Recorremos vitrinas con botones de uniforme, con medallas y distinciones y una con guantes de oficial de uno y otro bando. Hay un par de cañones de doce libras, los vulgarmente llamados Napoleón, macizos y majestuosos montados sobre ejes de carro con grandes ruedas. Un jinete de cera, subido a un falso caballo, se encuentra en un rincón, vestido con un uniforme sudista de oficial y portando un estandarte auténtico de la bandera sudista, agujereada y quemada por un lado. Paso por delante de una panoplia de diversos sables de lomo de bronce bruñido. Nada. Paseo la brújula ante mosquetes y pistolas de un solo disparo y no saco nada en claro. Sin embargo, en una sala contigua en la que se exhiben las últimas armas fabricadas para ambos bandos en la guerra, la oscilación de la aguja se invierte y en vez de buscar el norte, señala el sur. El arma en cuestión está aquí dentro…

Varias vitrinas muestran una buena docena de revólveres confederados, unos llamados LeMat, de doble cañón, fabricados en Francia y enviados al Sur a través de sus socios ingleses; otros son Spiller & Burr del calibre 36.  Sobre unos pequeños anaqueles, una de las paredes está atiborrada de rifles Henry de palanca, varios Sharps para francotiradores unionistas y algunas carabinas de repetición Spencer. Contra otra de las paredes, se apoyan algunas armas posteriores a la guerra civil tan conocidas como los Winchester 73, los Colt 45, o el famoso revolver Schofiled del general Custer.
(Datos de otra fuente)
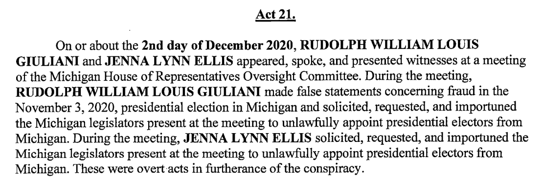 About two weeks later, Giuliani and Jenna Ellis, another Trump attorney, also provided “false statements concerning fraud” to the Michigan House and requested that state lawmakers illegally appoint a fake slate of presidential electors, according to the latest indictment.

Me atrae nada más verlo pues es como si quisiera pasar desapercibido a mis ojos; estoy seguro que esa es el arma. Está solo en una pequeña vitrina, descansando sobre un paño de oscuro terciopelo. Se trata de un Colt Dragoon, enorme y feo, de acero mate y poderosa presencia. Según la etiqueta, se le ha bautizado como Colt Azamet y es un revólver Dragoon de tercera generación, con un tambor sin ranuras y guardamonte redondo. La culata es de hueso tallado con ciertas filigranas ya deslucidas. Un arma bañada en muerte y sangre durante la Guerra de Secesión, que fue utilizada por ambos bandos. El cañón es, al menos, tres dedos más largo que el de las armas que habitualmente salen en las películas, los Colt Peacemaker 1860, más ligeros y de tambor más corto también. El Dragoon es su antepasado, una bestia de revólver y no sé por qué… pero me encuentro sonriendo al contemplarlo.
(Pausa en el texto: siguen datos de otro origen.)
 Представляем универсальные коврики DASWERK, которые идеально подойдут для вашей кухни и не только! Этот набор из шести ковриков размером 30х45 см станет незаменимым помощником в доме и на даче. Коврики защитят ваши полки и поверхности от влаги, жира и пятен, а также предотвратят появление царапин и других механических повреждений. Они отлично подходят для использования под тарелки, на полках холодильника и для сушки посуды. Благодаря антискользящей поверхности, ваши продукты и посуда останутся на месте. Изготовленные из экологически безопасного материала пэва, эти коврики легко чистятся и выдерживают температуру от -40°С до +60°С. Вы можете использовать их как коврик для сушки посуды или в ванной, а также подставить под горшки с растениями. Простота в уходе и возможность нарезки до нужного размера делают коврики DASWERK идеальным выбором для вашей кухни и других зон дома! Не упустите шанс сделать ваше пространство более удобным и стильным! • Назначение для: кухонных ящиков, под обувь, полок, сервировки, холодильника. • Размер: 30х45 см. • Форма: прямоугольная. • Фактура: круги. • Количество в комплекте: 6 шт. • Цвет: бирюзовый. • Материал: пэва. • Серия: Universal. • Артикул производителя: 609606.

Cuando el guía llega ante la vitrina, seguido del grupo de turistas, pego la oreja a lo que dice, interesado.

---Este arma perteneció al teniente coronel Theodore R. Corringthon, oficial sudista que se rindió ante el general Phillip Sheridan en Cedar Creek. Corringthon pasó diez años de su vida en Egipto, donde su familia tenía intereses económicos en varias plantaciones de tabaco. Regresó a su tierra natal, Carolina del Sur, al iniciarse los primeros conflictos de la Guerra de Secesión. Este Dragoon fue fabricado especialmente por Samuel Colt para Corringthon. Sus distintas partes fueron obtenidas al fundir un enorme alfanje que el oficial sudista se trajo de Egipto y que se decía perteneció al príncipe mameluco Qait Absalum. Según el propio Corrigthon, tal arma, un pesado alfanje de doce kilos llamado “la espada de Azamet”, estaba bendecida por Alá y prestaba un vigor inusitado a su dueño en batalla. Por eso mismo, el Colt que fue fabricado con ese acero pasó a ser llamado Colt Azamet. Con su rendición, el teniente coronel Corringthon entregó su Colt a Sheridan y éste se lo cedió al propio Ulysses S. Grant como regalo el día en que fue proclamado Presidente de los Estados Unidos…
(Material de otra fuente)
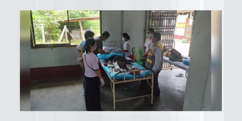 As per the Prime Minister's second directive, the 25-bed Naungcho Township People’s Hospital, which was destroyed by terrorist insurgents, is being urgently repaired to restore its original condition and resume regular healthcare services. While the hospital is undergoing repairs, a temporary hospital has been set up at the Myanan Tawwin Mingalar Hall, where the Tatmadaw and the Ministry of Health are jointly providing medical treatment.

Ese alfanje era, sin duda, el arma maldita original y al ser fundido y reconvertido en un revólver, en la fábrica de Colt en Hartford, seguro que ha seguido estando maldito, me digo, sin quitar los ojos del arma. En ese mismo momento, me decido a intentarlo esta misma noche. Necesito ese Colt y, de alguna manera, lo voy a conseguir.

Tomar esa decisión es como activar un delicado mecanismo en el interior de mi mente, la mía no el cerebro de Jack. Jamás me ha pasado antes, lo juro, y no tengo ni idea si es un resto de poder que queda de las mariposas pecado o algo relacionado con la pequeña bolsita de mojo que Mamá Huesos me entregó antes de dejar Nueva Orleáns y que llevo colgada del cuello, bajo la camisa. Sea como sea, una sucesión de detalles surgidos de mi observación, de lo que he leído antes de venir –Dayane tiene un primito que es un todo un artista en eso de sacar cosas de Internet y pudimos echarle un vistazo a parte de los planos del museo de la mansión Esscott –y de una necesaria improvisación me obliga a moverme, siguiendo un plan apenas ideado.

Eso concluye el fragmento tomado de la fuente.